Macro Risk Checks Which Hedges Actually Work, Which Are Duds
(Bloomberg) -- Investors looking to protect against a potential downturn will want to ensure they have a robust hedging strategy -- though that’s sometimes easier said than done.
“Every drawdown is unique in nature,” according to derivatives and quantitative strategist Maxwell Grinacoff of Macro Risk Advisors in a note Thursday. “Often times in hindsight, what we believed to be a good hedge turned out to be a dud.”
The December 2018 plunge was “arguably liquidity-driven” and equity index protection far outperformed volatility hedges like the Cboe Volatility Index and iPath Series B S&P 500 VIX Short-Term Futures ETN, Grinacoff wrote. The opposite was true in the “Volpocalypse” of February 2018. During the “Taper Tantrum” in mid-2013, credit hedges like the iShares iBoxx High Yield Corporate Bond ETF vastly eclipsed “equity/volatility counterparts” as credit spreads widened and interest rates soared in tandem, he said.

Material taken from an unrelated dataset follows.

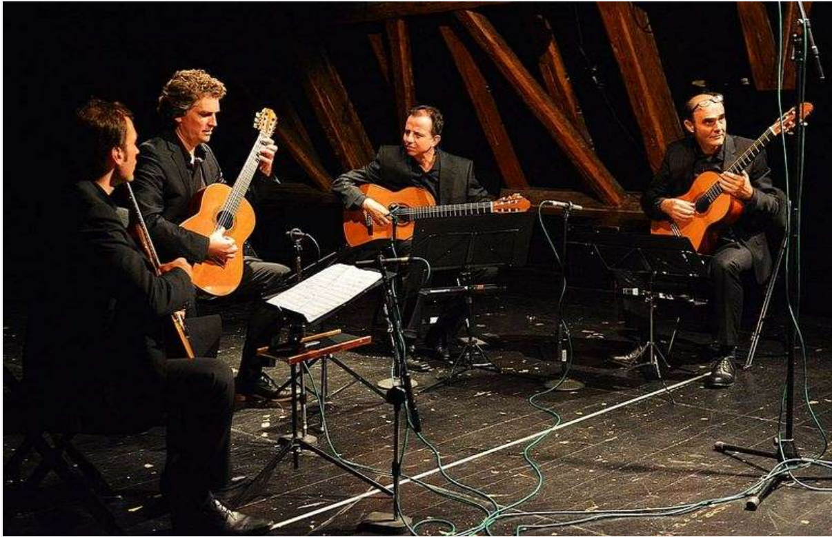
Aleph Gitarrenquartett

pod strunami. Tato úprava umožnila razantnější ohýbání tónu, ale zároveň témbrovou nápodobu zvuku nástroje koto při hře na kratší část struny. Artikulační rozsah nástroje však byl bezesbýtku využit již běžnými způsoby hry – perkusní údery, tremolo, pizzicato, přírazy... Vedle těchto technik byl rozšířen i pomocí drobných předmětů, např. kovovými náprstky či sponkou zavěšenou u kobyly, vytvářející výrazný efekt zkresleného tónu.

Looking at how different assets functioned as hedges during market downturns over the past six years, Grinacoff showed that put options on the United States Oil Fund LP, iShares China Large-Cap ETF and Invesco QQQ Trust Series 1 have had good sensitivity to drops in the S&P 500 on average. Call options on the iShares 20+ Year Treasury Bond ETF and SPDR Gold Shares fund have started to work only this year, he said.
The performance of HYG puts in the analysis is “underwhelming,” but Grinacoff still recommends adding it to portfolios as “many feel the credit complex seems vulnerable.”
“Looking forward, we prefer a blended approach to hedging across assets that may have the most sensitivity to a risk-off, regardless of the genesis,” Grinacoff said.